Así pues, abandonado el período estival de emisión, que no concordaba con las tramas desarrolladas en pleno curso escolar, la segunda temporada nos ha dado más, mucho más, pero no mejor. Culpa de las expectativas. Al igual que vimos en otras series de aquí, tipo El Ministerio del Tiempo, la referencialidad y vertientes pueden ser una plaga. Los seguidores de los preadolescentes de Hawkins seguramente celebraron con mayor alborozo el episodio de Halloween, ahora que ya está dentro de nuestro calendario, con toda justicia, justo entre el Oktobertfest y el Adviento. Más dudosa en su adecuado entendimiento ha sido la evolución de Eleven, personaje icónico que ha puesto de relieve cómo cambian los tiempos, y qué significaba tener trece años hace treinta, y tenerlos ahora. Homenajeando al racionalismo, resultó que antes de Once había otros diez pequeños seres víctimas de la experimentación y de la numeración cardinal, y alguno de ellos, más ellas que ellos, exponencialmente peligrosos. La anagnórisis de Eleven, esperada desde el primer episodio, devino en una enloquecida alegoría punk difícil de asumir para los que seguían viendo a Los Goonies en la adorable no-dentadura de Justin. No era necesaria tanta sombra de ojos para ilustrar su lado oscuro. Tampoco lo era sus sustitución por la mala pero buena pelirroja del monopatín, que no ha conseguido enamorar a nadie.
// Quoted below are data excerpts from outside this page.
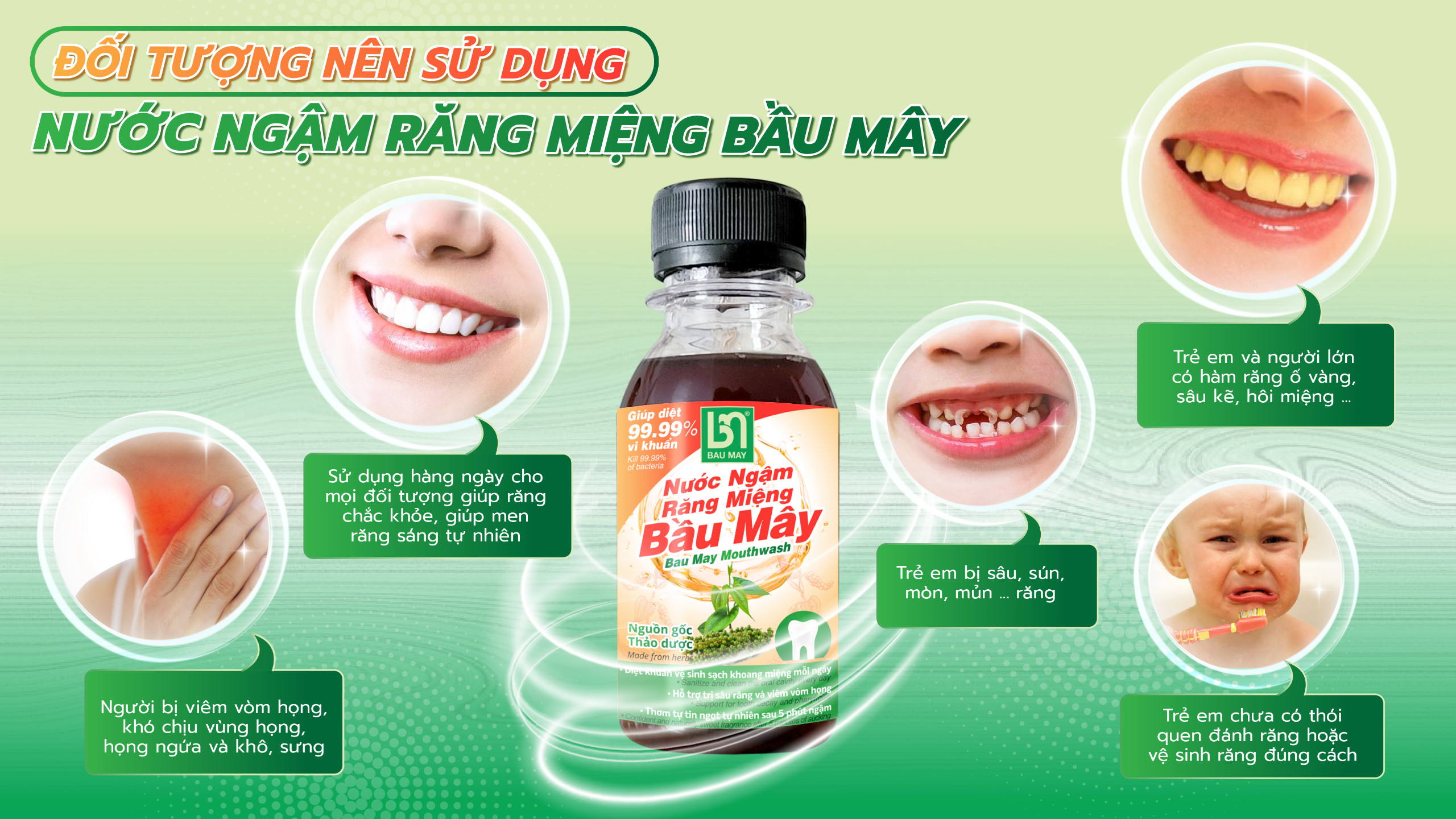 Nước ngậm răng miệng Bầu Mây là sản phẩm được chế biến từ các thành phần tự nhiên như Tiêu Bầu Mây, nhụy tiêu, Hoài sơn Bầu Mây, rượu Hoài sơn Bầu Mây và cam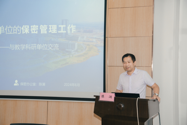 陈澜主任从保密法、国家安全法等法律法规的宏观视角出发,深入浅出地讲解了涉密科研项目管理的基本流程,明确了指导老师在参与涉密科研项目时应遵循的规范与注意事项。针对涉密项目参研过程中可能出现的风险点和薄弱环节,陈澜主任进行了细致入微的解读,为与会人员提供了宝贵的指导建议。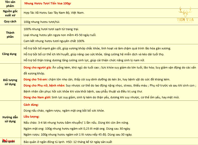 Mô tả sản phẩm Nhung Hươu Tươi Tiến Vua Tây Nam Bộ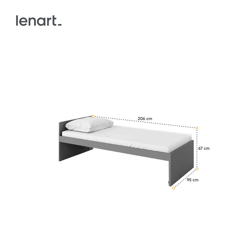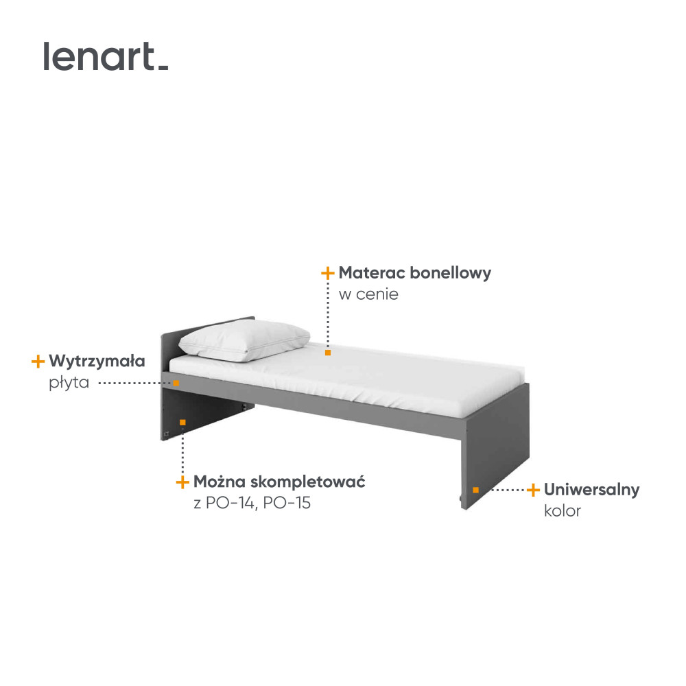 Pojedyncze łóżko dla dzieci i młodzieży to idealne rozwiązanie dla komfortowego snu i odpoczynku. W zestawie znajduje się wygodny, bonellowy materac, który zapewnia odpowiednie wsparcie. Łóżko można skompletować z dwoma rodzajami szuflad: z dodatkowym materacem i pojemnikiem na pościel lub z głęboką szufladą na pościel, co pozwala na maksymalne wykorzystanie przestrzeni. Nowoczesny design i funkcjonalność sprawiają, że łóżko doskonale wpasuje się w każde wnętrze dziecięcego lub młodzieżowego pokoju.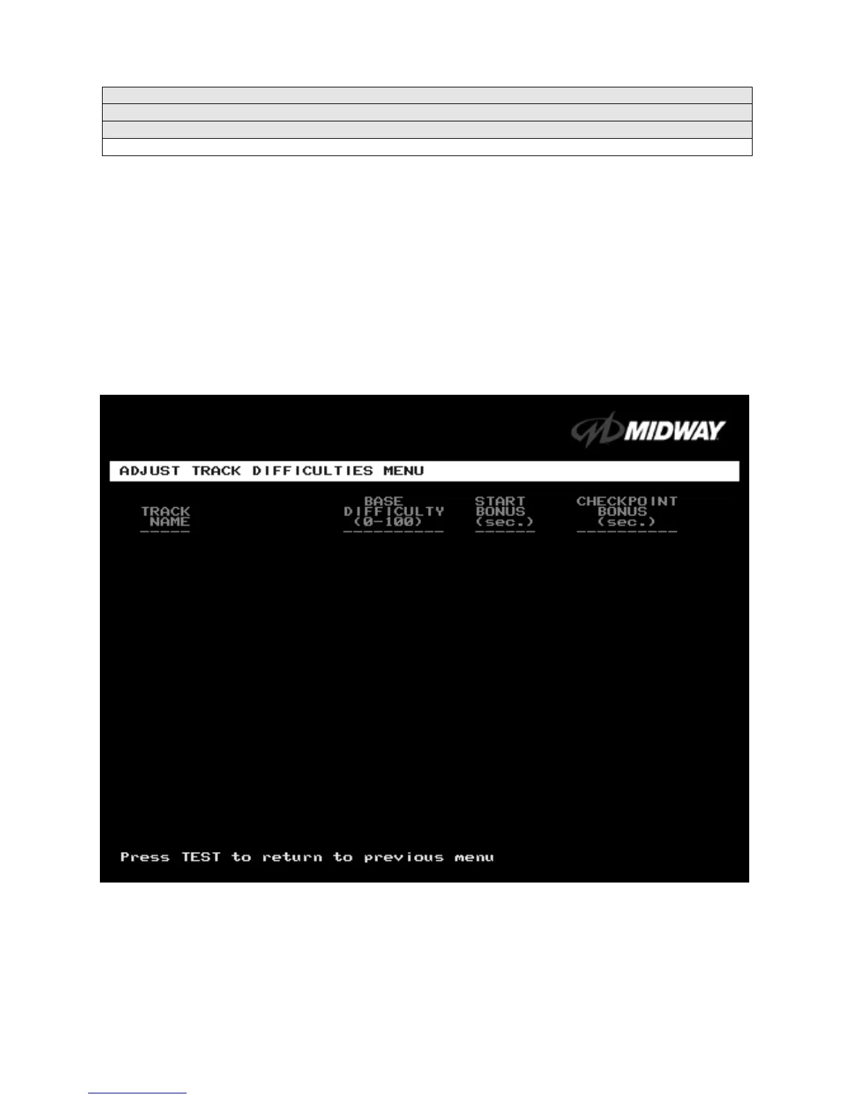 ADJUST TRACK DIFFICULTIES MENU

Pero la extrañeza cotidiana no descansa, y confirmada está ya una tercera temporada.
Es conveniente preguntarse por qué, ya que uno decide entregarse a devaneos nostálgicos, no echa mano de los suyos. El mensaje único que los productos estadounidenses ofrecen, en los ochenta y hoy, es el de la importancia de la familia. Hasta cierta edad, claro. Hasta Will se graduará y dejará a su poco equilibrada madre redecorando las paredes de su casa, y las habitaciones de sus amigos tienen todas las papeletas para ser transformadas en gimnasios. Las madres españolas, sin embargo,no saben lo que es el síndrome del nido vacío. Habría que ir aceptando que nuestra infancia no estuvo marcada por conspiraciones en el bosque del pueblo, sino por la neolengua de Chiquito de la Calzada, mucho más extraterrestre que ET, el gigante de Super 8 y todos los Demogorgon juntos.


De la nostalgia del sucedáneo que decolora tiempos añejos hablaremos otro día. O cómo las redes enloquecen con una pareja de post adolescentes entonando la canción de La La Land.